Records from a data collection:

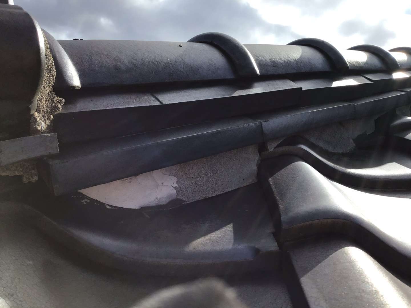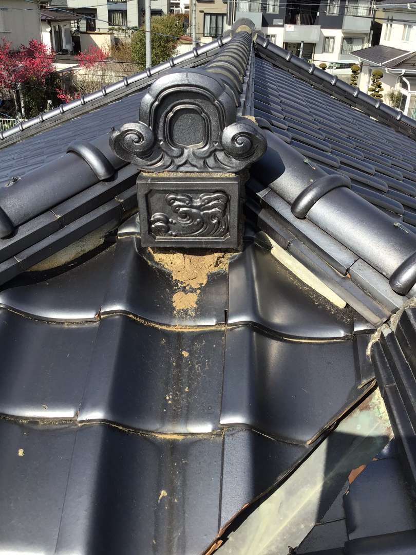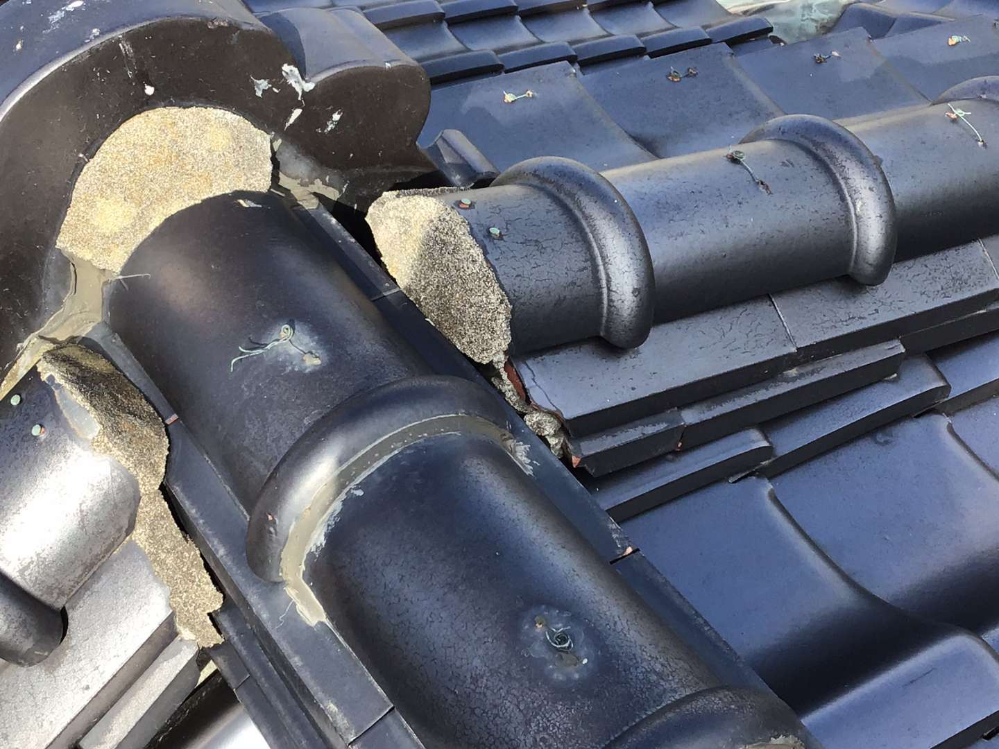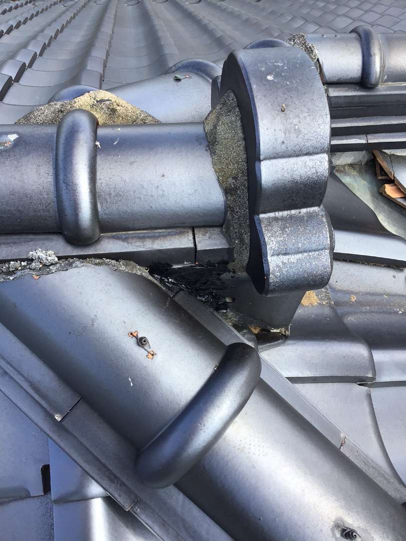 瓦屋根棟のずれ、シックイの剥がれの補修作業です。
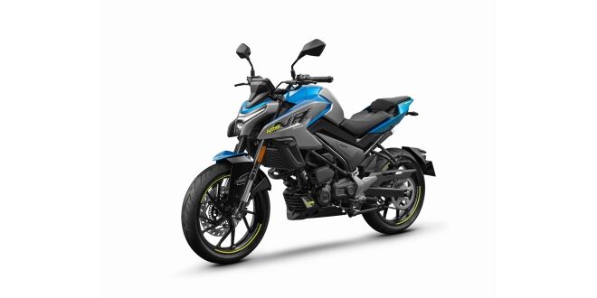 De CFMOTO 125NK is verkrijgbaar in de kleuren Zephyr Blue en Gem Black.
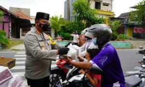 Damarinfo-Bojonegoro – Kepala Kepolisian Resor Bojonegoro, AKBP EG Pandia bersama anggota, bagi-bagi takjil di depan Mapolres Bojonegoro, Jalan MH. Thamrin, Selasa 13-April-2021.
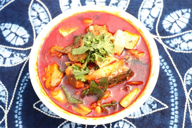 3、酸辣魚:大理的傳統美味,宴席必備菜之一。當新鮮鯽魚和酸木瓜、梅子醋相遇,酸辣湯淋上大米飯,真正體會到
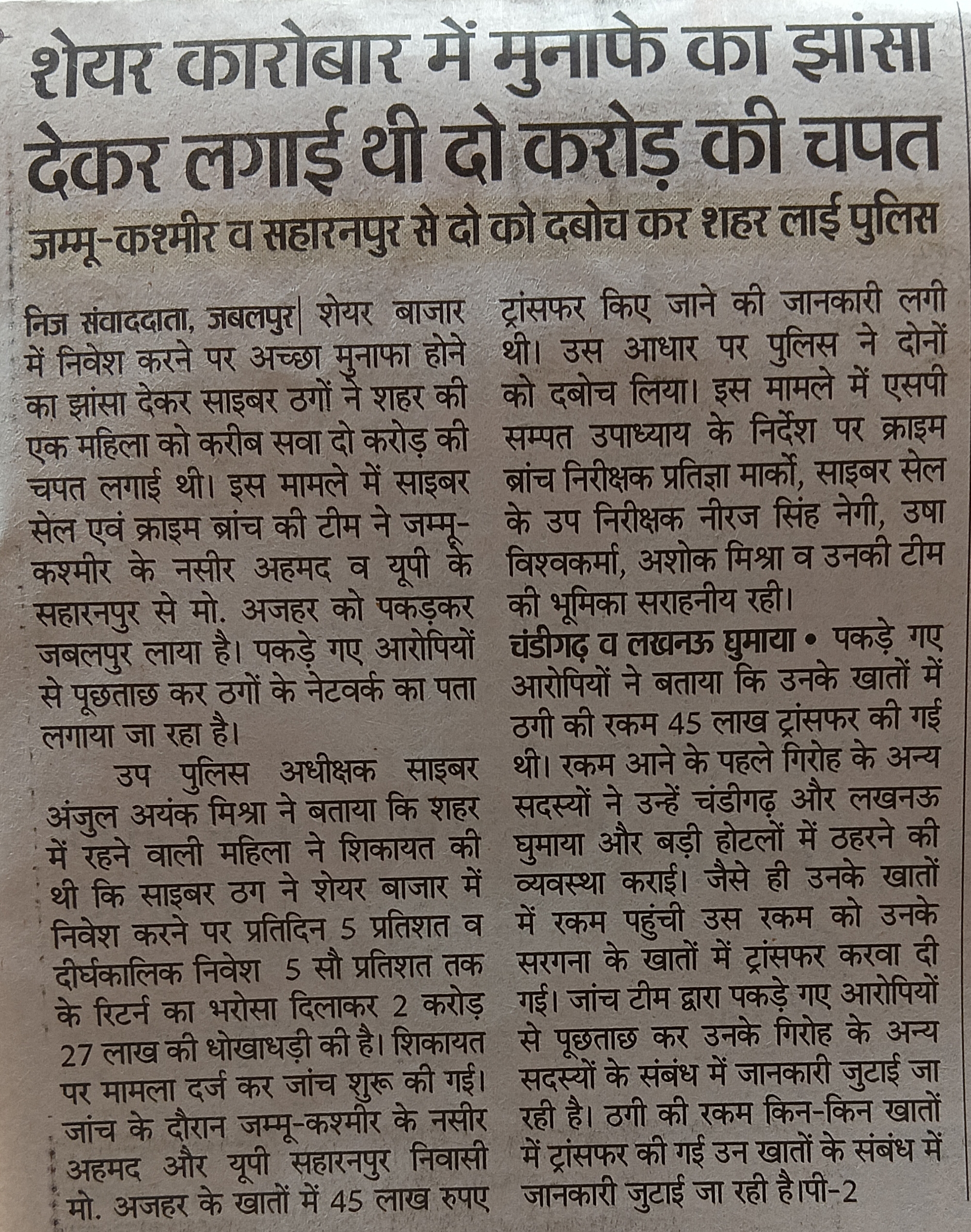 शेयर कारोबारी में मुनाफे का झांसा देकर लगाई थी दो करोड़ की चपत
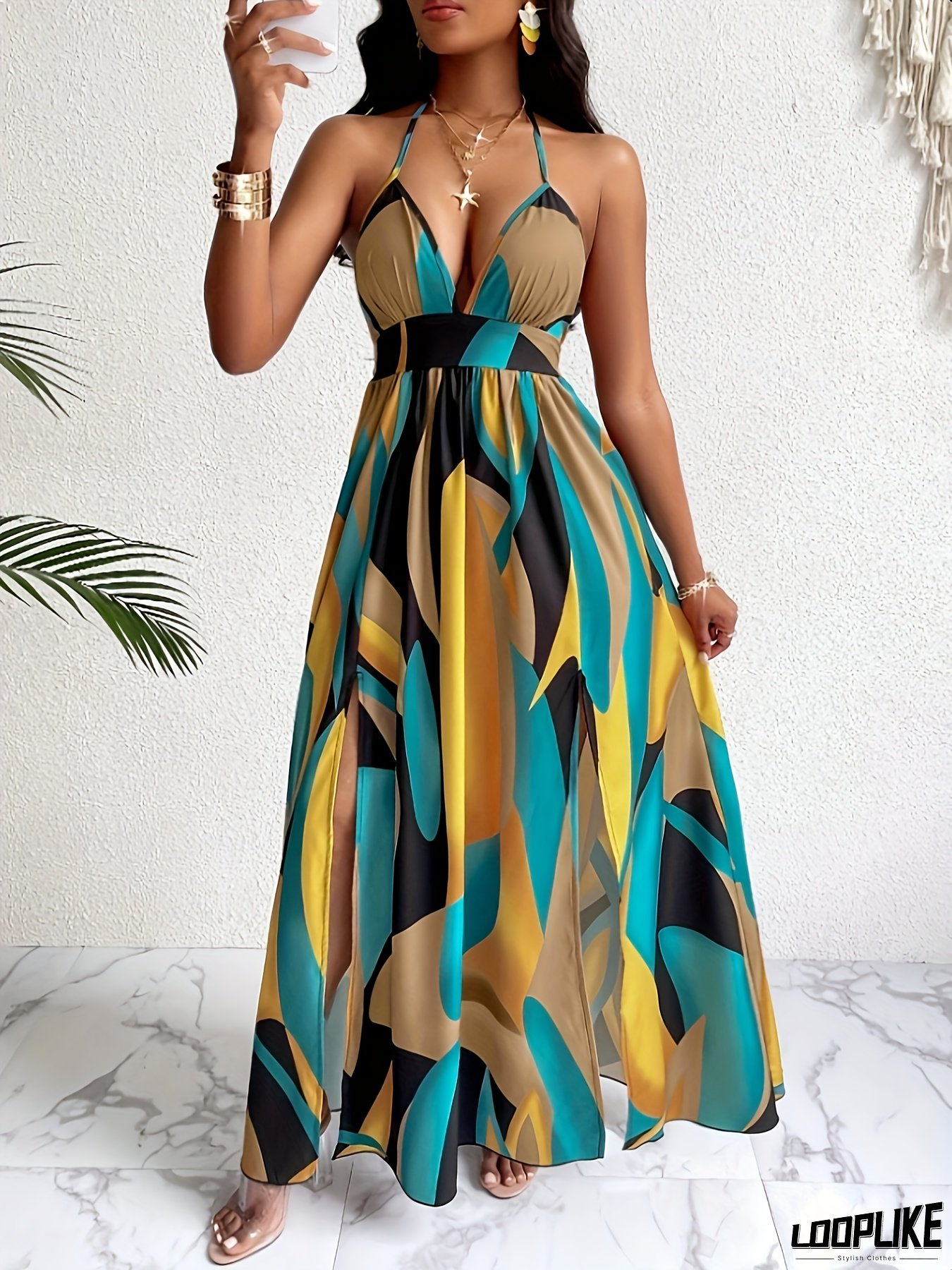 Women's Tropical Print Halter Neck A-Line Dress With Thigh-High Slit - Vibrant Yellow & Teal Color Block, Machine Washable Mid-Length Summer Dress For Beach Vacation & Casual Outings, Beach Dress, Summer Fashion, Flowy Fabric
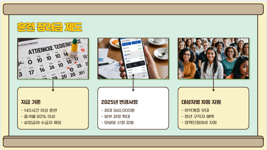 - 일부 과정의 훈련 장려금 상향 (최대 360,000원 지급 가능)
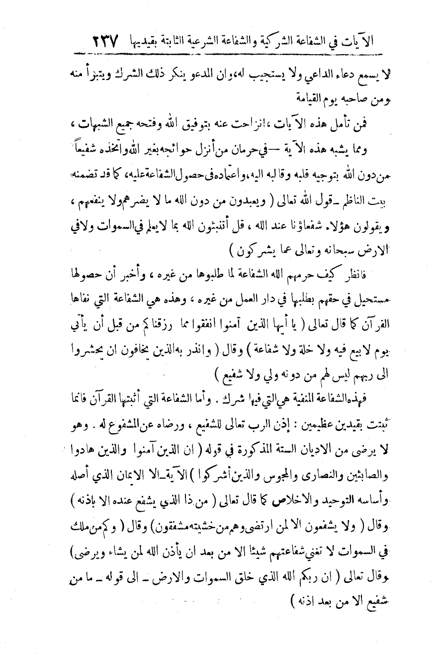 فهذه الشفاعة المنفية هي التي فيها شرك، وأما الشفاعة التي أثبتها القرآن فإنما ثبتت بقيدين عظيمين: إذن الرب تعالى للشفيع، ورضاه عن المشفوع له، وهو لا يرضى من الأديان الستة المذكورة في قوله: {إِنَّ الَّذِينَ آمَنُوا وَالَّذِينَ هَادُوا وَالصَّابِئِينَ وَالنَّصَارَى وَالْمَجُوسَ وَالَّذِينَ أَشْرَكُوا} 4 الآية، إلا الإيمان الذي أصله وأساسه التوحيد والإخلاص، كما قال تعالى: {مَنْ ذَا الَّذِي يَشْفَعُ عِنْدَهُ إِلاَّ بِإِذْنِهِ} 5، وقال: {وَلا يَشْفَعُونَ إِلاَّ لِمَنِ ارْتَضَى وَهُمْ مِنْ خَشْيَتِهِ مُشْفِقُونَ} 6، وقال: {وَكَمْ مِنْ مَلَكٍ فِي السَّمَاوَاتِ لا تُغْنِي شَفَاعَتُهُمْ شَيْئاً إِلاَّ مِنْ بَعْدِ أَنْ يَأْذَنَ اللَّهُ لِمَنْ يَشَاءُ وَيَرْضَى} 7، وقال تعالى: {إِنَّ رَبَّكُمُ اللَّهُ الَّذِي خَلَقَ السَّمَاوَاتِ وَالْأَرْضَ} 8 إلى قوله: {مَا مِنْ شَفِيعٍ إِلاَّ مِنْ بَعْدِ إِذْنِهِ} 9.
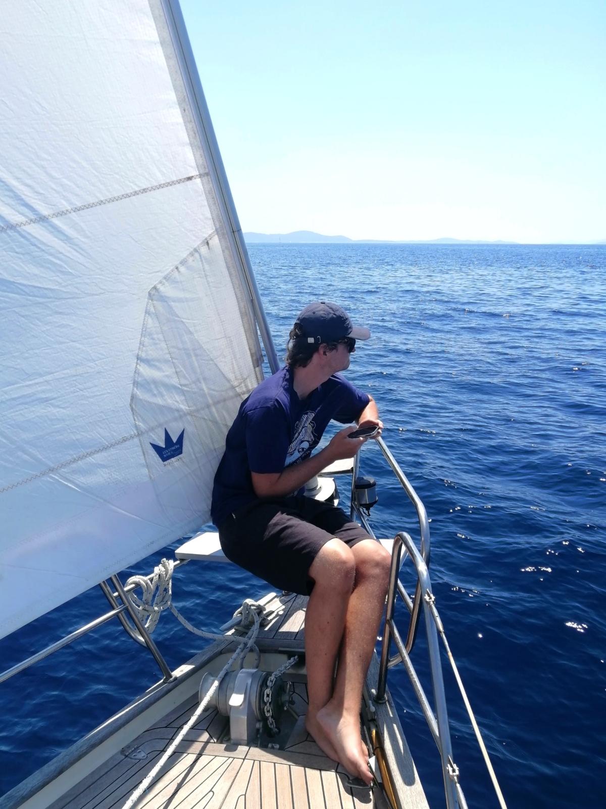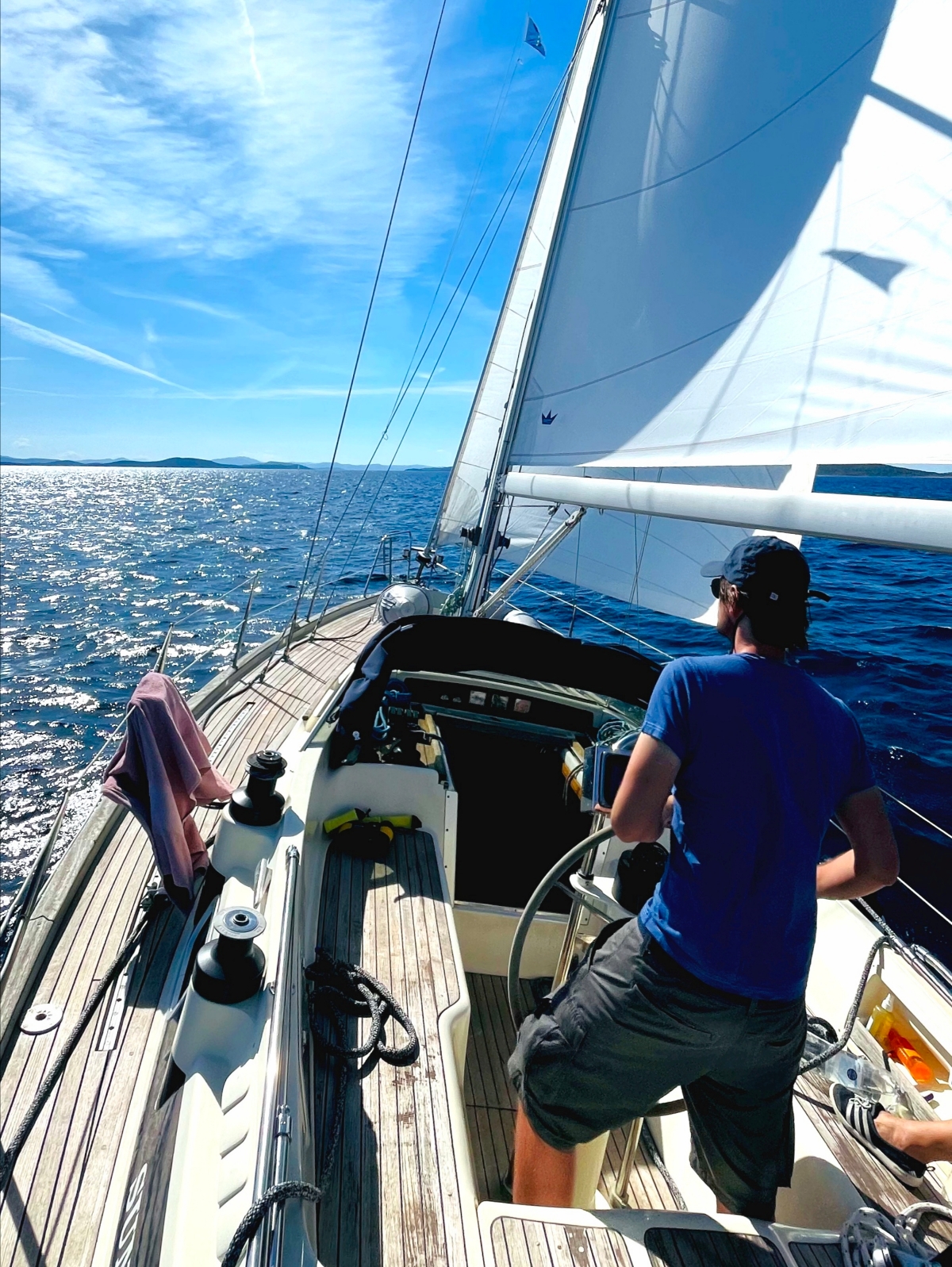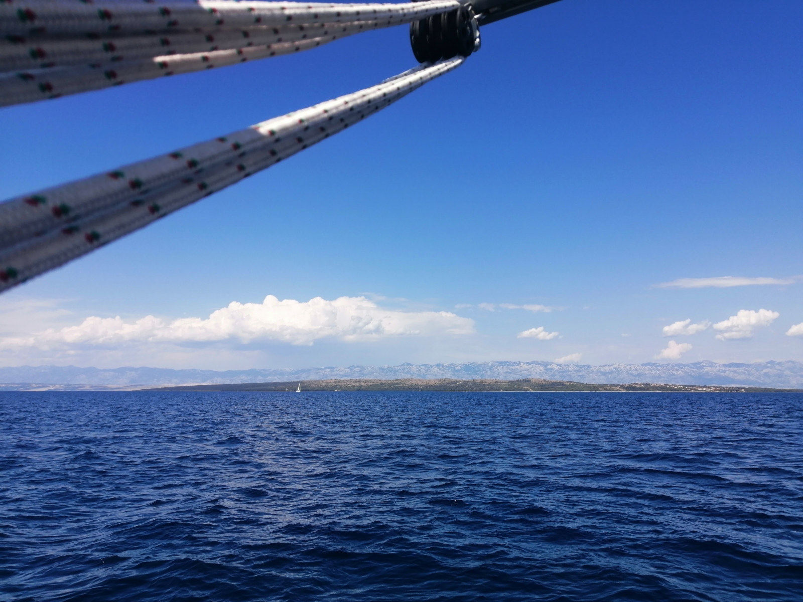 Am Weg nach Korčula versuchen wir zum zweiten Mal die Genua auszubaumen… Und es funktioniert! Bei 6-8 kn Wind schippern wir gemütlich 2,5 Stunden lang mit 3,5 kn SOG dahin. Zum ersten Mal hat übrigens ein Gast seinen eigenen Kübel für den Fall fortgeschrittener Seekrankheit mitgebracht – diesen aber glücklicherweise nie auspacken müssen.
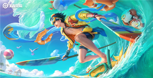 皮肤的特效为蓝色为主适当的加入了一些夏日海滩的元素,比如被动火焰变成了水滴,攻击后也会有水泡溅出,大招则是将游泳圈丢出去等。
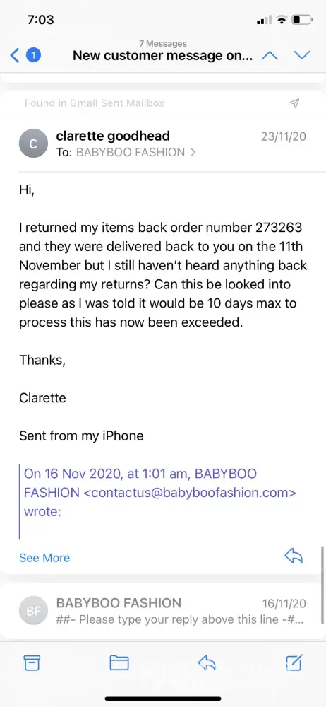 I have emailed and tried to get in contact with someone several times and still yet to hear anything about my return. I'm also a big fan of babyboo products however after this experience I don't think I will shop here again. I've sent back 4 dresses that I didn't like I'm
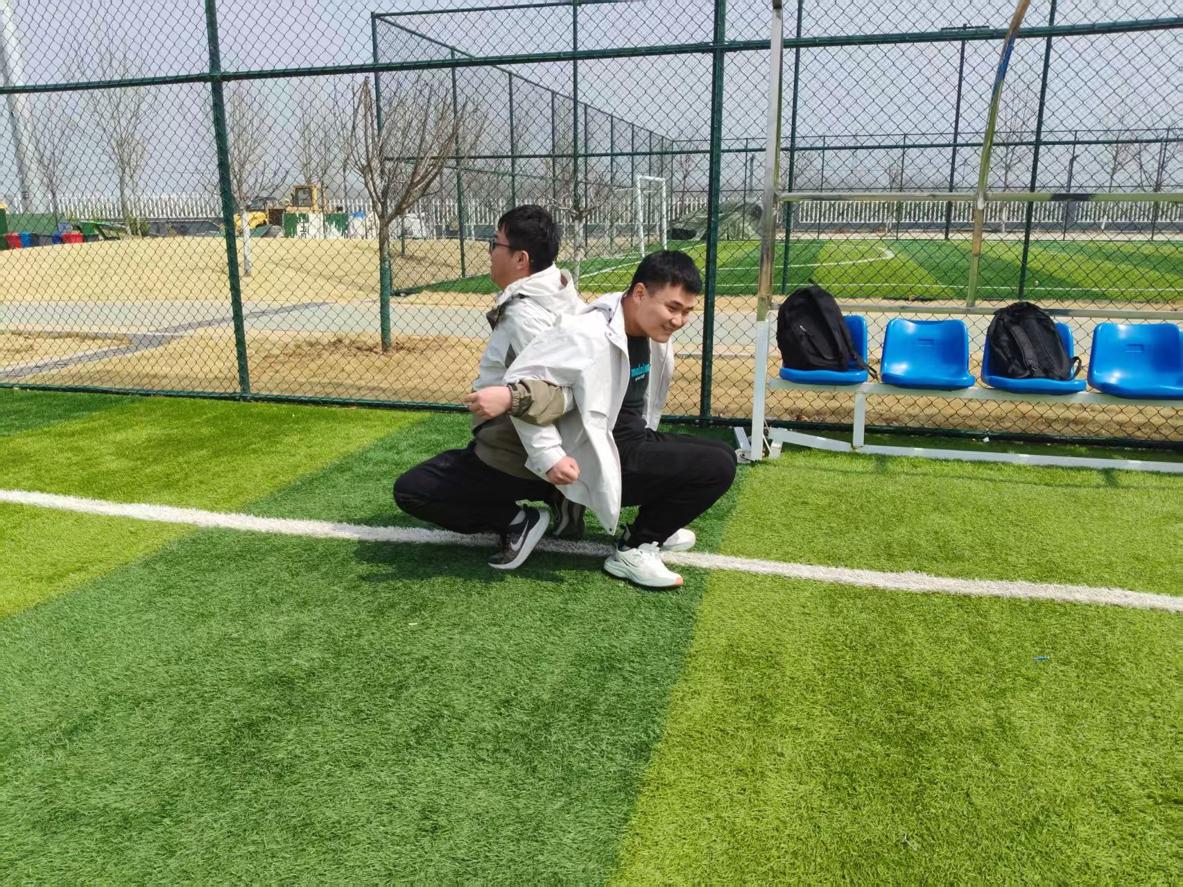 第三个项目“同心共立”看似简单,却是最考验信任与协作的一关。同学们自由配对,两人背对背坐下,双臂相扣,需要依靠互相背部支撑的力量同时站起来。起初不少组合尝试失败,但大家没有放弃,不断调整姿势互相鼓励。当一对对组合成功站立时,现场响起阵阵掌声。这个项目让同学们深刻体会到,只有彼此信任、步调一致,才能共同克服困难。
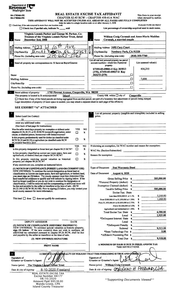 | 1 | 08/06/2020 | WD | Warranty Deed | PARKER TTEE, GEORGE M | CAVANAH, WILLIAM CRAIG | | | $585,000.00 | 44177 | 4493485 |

# Task directions
Verbatim, write out the line containing "皮肤的特效为蓝色为主适当的加" and all later lines through the end of the records, leaving every picture out.

# Answer space
 皮肤的特效为蓝色为主适当的加入了一些夏日海滩的元素,比如被动火焰变成了水滴,攻击后也会有水泡溅出,大招则是将游泳圈丢出去等。
 I have emailed and tried to get in contact with someone several times and still yet to hear anything about my return. I'm also a big fan of babyboo products however after this experience I don't think I will shop here again. I've sent back 4 dresses that I didn't like I'm
 第三个项目“同心共立”看似简单,却是最考验信任与协作的一关。同学们自由配对,两人背对背坐下,双臂相扣,需要依靠互相背部支撑的力量同时站起来。起初不少组合尝试失败,但大家没有放弃,不断调整姿势互相鼓励。当一对对组合成功站立时,现场响起阵阵掌声。这个项目让同学们深刻体会到,只有彼此信任、步调一致,才能共同克服困难。
 | 1 | 08/06/2020 | WD | Warranty Deed | PARKER TTEE, GEORGE M | CAVANAH, WILLIAM CRAIG | | | $585,000.00 | 44177 | 4493485 |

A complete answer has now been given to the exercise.